Records excerpted from a collection
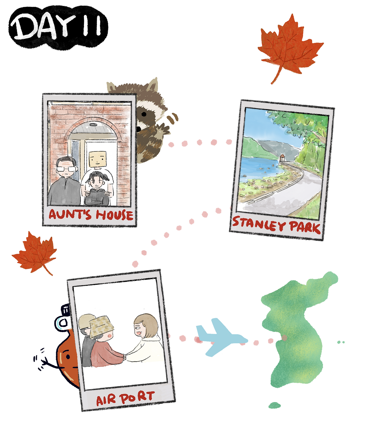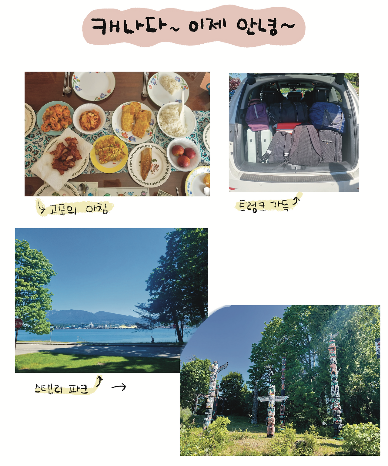 우리의 애초의 계획은 사실 밴쿠버 -캘거리 여행이었으나, 아버지 디스크 수술로 최소한의 이동을 위해서 캘거리행을 취소했었다. 그러나 아버지는 막상 캐나다에 오시니 마음이 변하셨는지 캘거리도 다녀오시겠다고 하여 우리는 한국으로 아버지는 캘거리로 가기로 했다. 공항에서 우리는 각자 비행기를 타러 각자 찢어져야 했다.
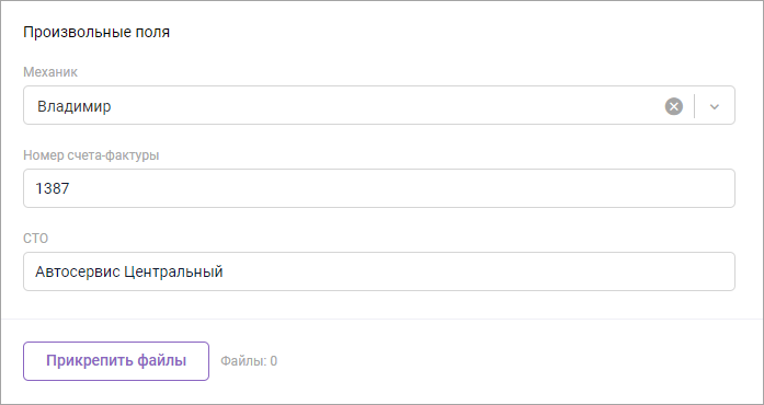 Если в качестве типа объекта сервиса выбран Объект, после описанных выше полей показываются произвольные поля, созданные администратором автопарка на одноименной вкладке страницы Администрирование. Эти поля необязательны для заполнения.
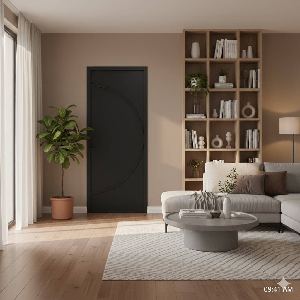 De deur is voorzien van een strak vlak paneel (12 mm) en haakse profielen voor een minimalistische uitstraling. Dankzij de slanke deurstijlen (60 mm bij stomp, 73 mm bij opdek) sluit deze perfect aan bij moderne meubels en verlichting. En met een dikte van 39 mm voelt de deur stevig en degelijk aan.
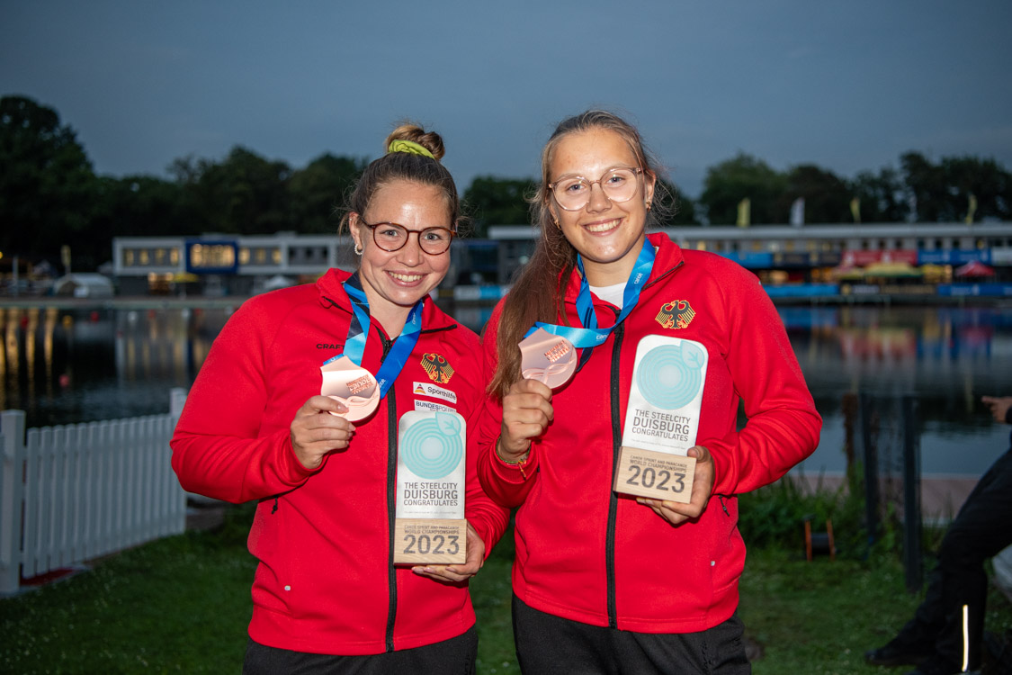 Einen gelungenes WM-Debüt erlebte auch die 17-jähirge Hedi Kliemke. Im C2 über 200 m sicherte sich die Sportschülerin mit ihrer Berliner Partnerin Lisa Jahn die Bronzemedaille. Das Hauptaugenmerk des neuformierten Zweiercanadiers lag jedoch auf der olympischen 500m-Strecke. Dort erreichte das Duo hinter den Booten aus China, Spanien und Kanada einen hervorragenden vierten Platz und sicherte dem DKV ebenfalls zwei Quotenplätze für Paris 2024. Zum Abschluss gewann Hedi mit Annika Loske und Ophelia Preller sowie Lisa Jahn im Vierercanadier über 500 m hinter dem Boot aus China die Silbermedaille. Dies war die erste WM-Medaille für den DKV in dieser Bootsklasse im Erwachsenenbereich
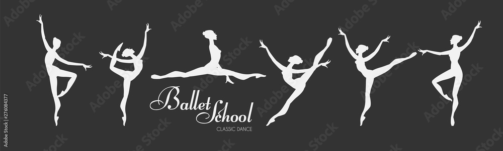 Obraz na plátně Ballerina Silhouettes Set. Dancing Girls. Classic Dance.
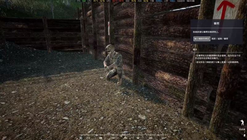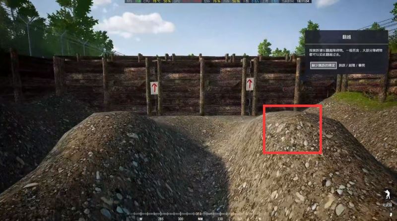 ②第二个障碍是比较高的木板需要站在土坡上助跑按2下空格即可翻越。
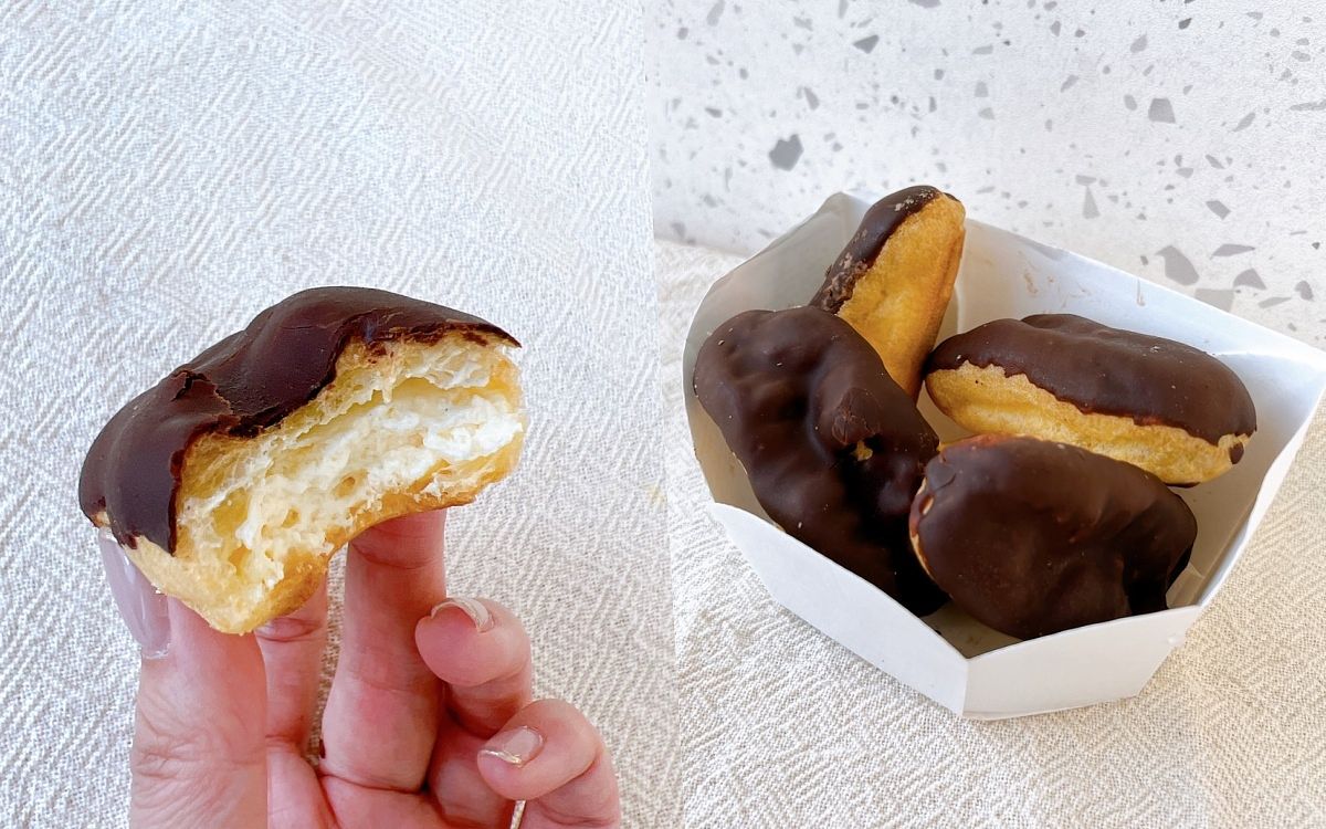 巧克力控必選這款!長型泡芙外皮包裹大量巧克力,為香濃美味不甜膩的泡芙增添層次與口感。鮮奶油內餡柔軟絲滑,與微苦的巧克力交融非常完美!
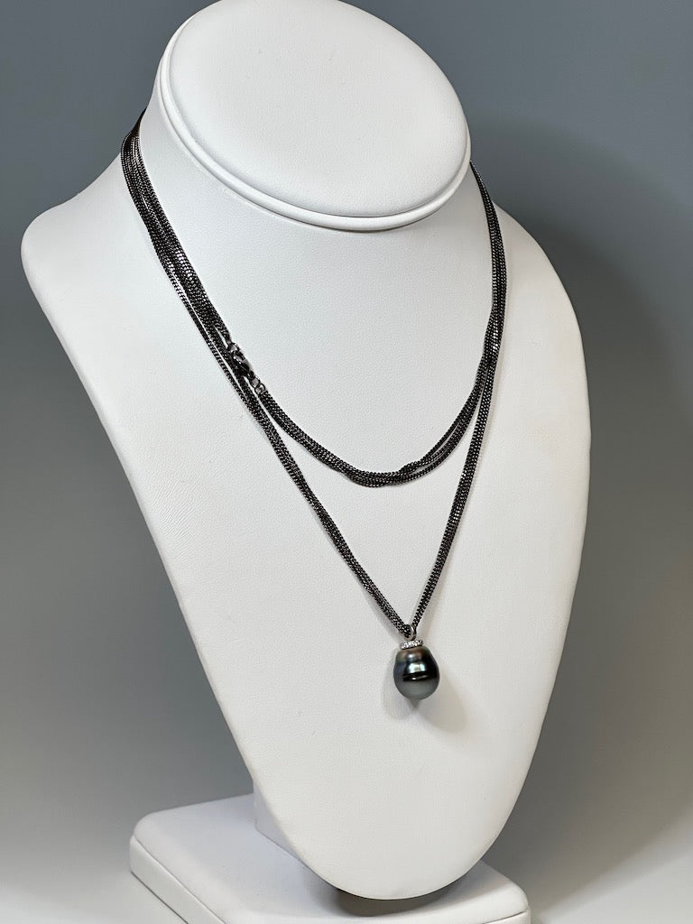 TAHITIAN AND DIAMOND DROP PENDANT WITH 18k GOLD AV122
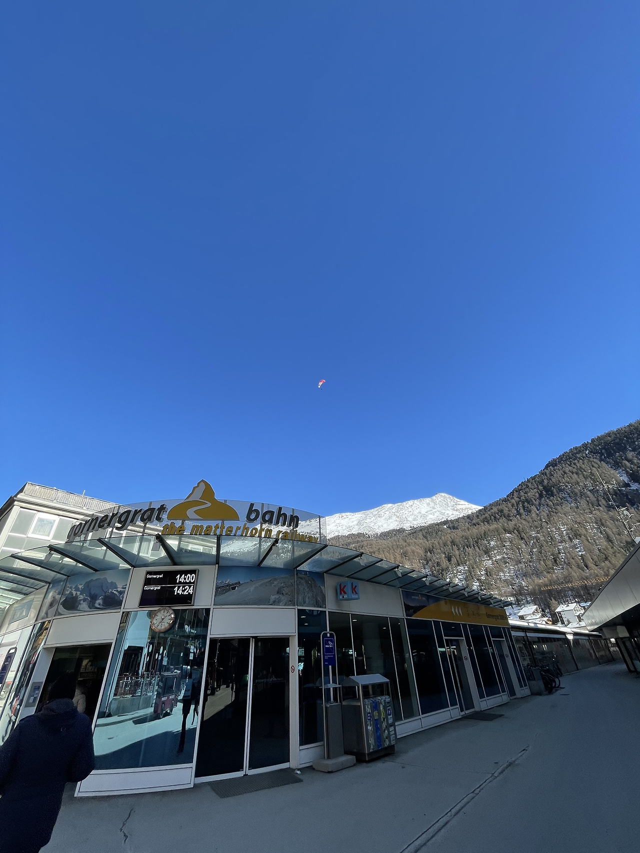 산악기차 고 너 그라트 반 매표소(왼쪽)와 체르마트 마을(오른쪽). 목조건물 너머로 마터호른 봉우리가 보인다.

● Activity
Pictures are to be left out while the lines from the beginning of the records through the line with "Если в качестве" are copied word for word.

● Exercise answer
 우리의 애초의 계획은 사실 밴쿠버 -캘거리 여행이었으나, 아버지 디스크 수술로 최소한의 이동을 위해서 캘거리행을 취소했었다. 그러나 아버지는 막상 캐나다에 오시니 마음이 변하셨는지 캘거리도 다녀오시겠다고 하여 우리는 한국으로 아버지는 캘거리로 가기로 했다. 공항에서 우리는 각자 비행기를 타러 각자 찢어져야 했다.
 Если в качестве типа объекта сервиса выбран Объект, после описанных выше полей показываются произвольные поля, созданные администратором автопарка на одноименной вкладке страницы Администрирование. Эти поля необязательны для заполнения.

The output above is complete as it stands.